Snap laying off 20% of its staff in hopes of reducing costs

Snapchat announces massive layoffs and project cancellations

The parent company of social media platform Snapchat is laying off 20% of its staff as it tries to reduce costs in the face of declining sales, the company said Wednesday.

CEO Evan Spiegel said in a letter to staff posted on Snap's website that sales were not keeping up with projections.

"Unfortunately, given our current lower rate of revenue growth, it has become clear that we must reduce our cost structure to avoid incurring significant ongoing losses," he wrote.

Spiegel said Snap is restructuring its business to focus on community growth, revenue growth and augmented reality. Anything that doesn't contribute to those areas "will be discontinued or receive substantially reduced investment," he said. 

Last fall, Snap said its ad sales were being hurt by a privacy crackdown that rolled out on Apple's iPhones, which raised investor fears about the app's potential for growth. Most social media platforms rely heavily on advertising revenue.

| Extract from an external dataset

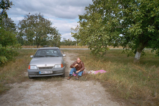 Zunächst betrübt uns das nicht allzusehr außer dem Verlust der schönen Autopiste, aber dann wird uns nicht ganz geheuer: Nach einer Bahnunterführung landen wir auf einem leeren Platz, der völlig von Industieruinen umgeben ist und an jeder Ausfahrt dieses Platzes stehen schwer bewaffnete Soldaten. Wir fragen nach dem Weg nach Odessa, und wortlos wird uns mit einem Fingerzeig der Weg gewiesen. Auf einem Feldweg voller Pfützen geht es durch ein chaotisches Gelände, soviel Industiebrache haben wir noch nie gesehen, und dazwischen keine Menschenseele zu sehen und auch keine menschlichen Behausungen, nicht einmal streunende Hunde. Plötzlich eine scharfe Kurve und ein Polizeikabuff hinter einem Stoppschild. Wir werden angehalten, man will Geld von uns, weil wir das Stoppschild überfahren hätten. Dann folgt Ausweiskontrolle, Dokument Maschin will man sehen, genau werden unsere Gesichter mit den Paßfotos und die Autonummer in den Papieren mit dem Nummernschild verglichen. Man belehrt uns, dass wir hier nicht mehr in Moldawien, sondern in der Republik Transnistrien seien, unsere Transitvisa für Moldawien interessierten sie nicht, für hier brauchen hier neue Transitvisa. An einem Wohncontainer mit einer grün-rot grünen Flagge werden wir 10 Euro los und bekommen dafür eine briefmarkengroße Quittung mit einem Siegel mit Hammer und Sichel. Großzügig erläßt man uns das eigentlich fällige Bußgeld für das Überfahren des Stoppschildes und wir dürfen weiter. In Tinghina ist überall Fotografierverbot, die Zufahrt zur Dnistrbrücke könnte komplizierter nicht sein, ermöglicht aber wohl eine genaue Kontrolle. Vor der Brücke sind martialisch mehrere Sowjetpanzer mit grün-rot-grünen Fahnen aufgebaut, die stolzen Spruchbänder in kyrillisch können wir nicht entziffern. Gibt es denn hier die UdSSR noch ? Ich kann mir einen Schnappschuß aus dem fahrenden Auto nicht verkneifen, mal sehen, was draus wird. Auf der anderen Seite des Dnistr sieht es nicht anders aus als in Moldawien, aber an den Tankstellen sind die Preise in US $ ausgeschildert und uns fallen andere moldawische Autoschilder auf. Und überall so viele grün-rot grüne Flaggen wie in Dänemark die Danebrogs. Hinter Tiraspol kommen wir auch wieder auf die schöne Betonstraße zurück, die hier nun schnurgeradeaus geht und völlig leer ist. So was verleitet zum Schnellfahren, und prompt werden wir auch mit mindestens 160 überholt. Nicht weit danach treffen wir den Überholer in Gesellschaft einer Polizeistreife wieder. Das kann teuer werden, aber nicht für uns! Frohgemuts rollen wir mit 70 weiter der ukrainischen Grenze zu, picknicken noch einmal am Wegesrand in der Steppe, nur noch 100 km bis Odessa. Ob zur Ukraine hin überhaupt Grenzkontrollen sind ? Vor einem sumpfigen Fluß, über den nur eine einzige Brücke führt, rollen wir der immigration control in die Arme. Die ersten fragen uns, ob wir bei der Einfahrt nach Transnistrien etwas bezahlen mußten, wenn ja, das hätten wir uns schenken können, denn das sei nicht erlaubt. Na schön denken wir, dann haben wir wenigstens mit der Quittung ein originelles Andenken. Dann geht's zum Zoll. Dort dassselbe Ritual: Abnahme der Pässe und des Dokument Maschin. Hier wird nach der briefmarkengroßen Quittung gefragt, die wir hier abgeben und nicht mehr wiedersehen. Die Pässe kriegen wir ohne Abstempelung und ohne Ausreisebestätigung aus Moldawien oder Transnistrien zurück, aber auf die Autopapiere läßt man uns warten. Wo denn unsere Einreisebestätigung nach Transnistrien wäre mit Angabe des Kilometerstands unseres Autos. Für das Auto müßten wir noch die Transitpauschale bezahlen. Ich zeige ihm die Quittung, die wir an der rumänisch-moldawischen Grenze für das Autovisum bekommen haben, aber die interessiert ihn nicht, wir seien hier in Transnistrien und nicht in Moldawien. In der Tat laufen die Beamten hier in piekfeinen Uniformen umher, die anders aussehen als die moldawischen. Ohne die Einreisebestätigung keine Autopapiere - fahren Sie zurück nach Tighina und holen sie sich ihre Einreisebestätigung. Er läßt uns stehen und fertigt inzwischen andere Autos ab. Aber um dorthin zu fahren, brauchte ich doch meine Autodokumente, entgegne ich. Das versteht der Mann nicht, mit dem ich mich eben noch tadellos auf englisch verständigen konnte. Da werde ich dann energisch und verlange nach seinem Vorgesetzten. Prompt macht er mir ein Angebot: man kann die Strecke ja schätzen, die wir durch Transnistrien gefahren sind, für, sagen wir 20 Euro könnte er mich durchlassen. Die zahlen wir dann zähneknirschend, aber ich verlange eine Quittung dafür. Die bekomme ich "selbstverständlich". Und wieder bekommen wir einen Wisch mit Hammer und Sichel, den Horst sofort seiner Andenkensammlung einverleibt. Doch am Schlagbaum holt uns die Realität ein: Dokument will man haben, nicht Dokument Maschin und auch nicht Passport, nur die Quittung. Die muß Horst nun herausrücken. Bevor wir ein Erinnerungsfoto davon gemacht haben, sind wir alle Beweismittel los, mit denen man uns bezahlte Schmiergelder bescheinigt hatte, ein ausgeklügeltes System. Aber wir dürfen raus! Erleichtert rollen wir im Schrittempo über den Grenzfluß und lassen uns in der Ukraine schon fast wie in einem zivilisierten Land empfangen. Passport ? Dokument Maschin bitte sehr ? Alles schnell und korrekt, dann zum Zoll. Man übergibt uns eine Zollinhaltserklärung zum Ausfüllen, die ich schon von der slowakisch-ukrainischen Grenze her kenne. Nur die hier hat nur kyrillische Buchstaben und soll auch kyrillisch-ukrainisch ausgefüllt werden. Damit habe ich natürlich Schwierigkeiten - doch kein Problem, der Zöllner würde für bare 20 Euro das Ausfüllen für uns übernehmen, nur blanko unterschreiben müßte ich. Ich lehne entrüstet ab und fülle alles in deutsch aus, auch damit ist man zufrieden und nickt freundlich. Ich bin so angetan, dass ich eine Flasche slowakisches Bier unter dem Autositz hervorkrame

Since Snap posted its first-ever profitable quarter in the last three months of 2021, there has been little good news from the company.

Snap shares lost nearly half their value in May, falling 43% after the company said in an SEC filing that the "macroeconomic environment has deteriorated further and faster than anticipated" and that it would not meet its own sales and profit targets in the period. Shares tumbled another 39% in late July after Snap posted quarterly results that fell short of projections.

Snap's staff has grown to more than 5,600 employees in recent years. The company said that, even after laying off more than 1,000 people, its staff will be larger than it was a year ago.

Snap's move Wednesday adds to the wave of tech industry layoffs that have swept the nation this year. Microsoft laid off less than 1% of its substantial workforce in July, the Seattle Times reported. Cryptocurrency exchange Coinbase laid off 18%, or about 1,100 people in June while mortgage lender Better.com laid off 900 workers in March.

Apple, Twitter, Peloton, iRobot, Oracle and Shopify and Robinhood have all reduced staff at some point this year. All told, the tech industry has shed almost 75,000 positions so far this year, according to Layoffs.fyi, which tracks job cuts in the industry

TechWatch: Tech companies upping layoffs

Snapchat, which announced a new feature earlier this month that allows parents to see who their children are talking to, is a video messaging platform that automatically deletes posts after they've been viewed by recipients.

Like most other social media companies, Snap boomed during the pandemic when workers and students spent longer hours online with in-person socializing curtailed. Snap shares peaked in late September of 2021 at more than $83 per share.

Snap's stock surged about 10% on Wednesday after the layoffs were announced, to $11 per share.